I think you are missing the MyCrawler class from your classpath. See the first error:
...UrlHarvestingCrawler.java:13: cannot find symbol
symbol: class MyCrawler

From there its complaining about methods defined in MyCrawler that UrlHarvestingCrawler overrides. You can cut out the middleman by extending Crawler directly and extending the methods like I did in MyCrawler.

somewherepeace said...

Dear Sujit Pal !
thanks for your arctice. It's useful for me. I have a question, how do i get title of a tags of previous Page
example: previous Page: < a href="http://link1.com">title 1< a/>.
When i crawl http://link1.com page, i get string "title 1"

Sorry about my English

Sujit Pal said...

Thanks, Nguyễn Anh Đức. Not sure I follow your question completely, but generally the "Previous page" would be enclosed in the A tag, something like: <a href="www.link1.com">Previous</a>, so you could parse the first page looking for the A tags. There are various HTML parsers available, but my personal (and probably biased, since I use it exclusively for HTML parsing) recommendation is Jericho.

propovip said...

Ihave been asked to crawl the links my application has. Is there a way to generate a report with hierarchy.
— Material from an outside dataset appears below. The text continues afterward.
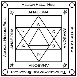 E entre a primeira e as outras partes, marca o pentáculo de Salomão, assim: e entre o primeiro quadrante escreve a palavra ANABONA, e no meio do Almadel constrói a figura do hexágrama , e no meio deste, deverá haver um triângulo, onde devem está escrito estes nomes de Deus HELL, HELION, ADONAI, e ao redor desta figura de seis ângulos, deverá ficar como está no exemplo.
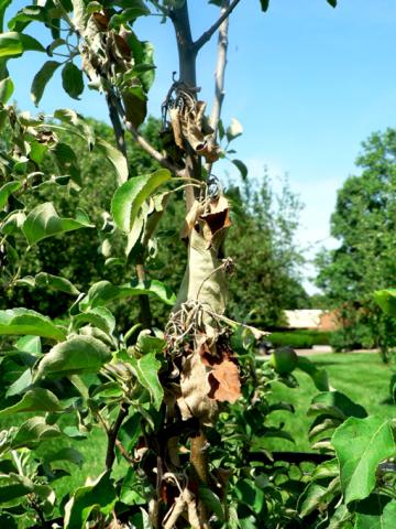 Over-stimulated rosaceous plants (due to heavy pruning and/or high nitrogen rates) are at high risk for fire blight infections. In an infected planting, and while trees are dormant, remove all cankered wood, pruning 6 to 12inches below the last visible sign of the canker (avoid leaving a stump, remove the affected branch all the way to the trunk or nearest side branch that is at least 6 inches below the canker). Canker removal will eliminate a large part of the primary inoculum for the following year. Pruners do not need to be disinfected between cuts unless pruning is done during the growing season. If pruning is done during the growing season, 6-12 inches of healthy tissue should be removed along with the cankered areas. All prunig during the growing season must be carried out in hot & dry conditions.

For Ex :- If i crawl a link "X" whose parent is "A" and "A"s parent is "B". i should see the report as
Page B URL --> Page A URL--> Page X URL
How do i achieve this?

Sujit Pal said...

Hi propovip, if you want to do this with WebSphinx, you can extend visit(Page) to extract the links in the page (page.getLinks() and store it in say a database table as (parent, child). Then you could write something that reads this table and produces a report, starting from the root of your crawl and proceeding recursively down to each child, until the current child has no children of its own.

francesco said...

a tip: if you use DownloadParameters.changeXXX() methods there will be no results indeed; DPs are like Java.Strings in this implementation, and you have to use them like this:

dp = dp.changeXXX()

anyway, thanks a lot for your samples, they introduced me into websphinx!

cheers, francesco

Sujit Pal said...

Thanks for your kind words, Francesco, and thank you for the information - I did not know about DownloadParameters but it looks like a simple and useful way of filtering web pages.

Francesco said...

I'm referring to your class MyCrawler; if you write like this

...
dp.changeObeyRobotExclusion(true);
...

nothing happens;

I want you to note that the correct sintax (in order to make something happen :) ) is

dp = dp.changeObeyRobotExclusion(true);

as you are trying to modify a Java.String.

cheers again,

Francesco

Sujit Pal said...

Ah, got it, thanks! :-).

Unknown said...

Hi,can i download javascript links also using this crawler?
Thanks in advance

Sujit Pal said...

I guess you could if you had full links inside your script sections, but since Javascript is a programming language and you can represent URLs as other than plain string fields, its not guaranteed.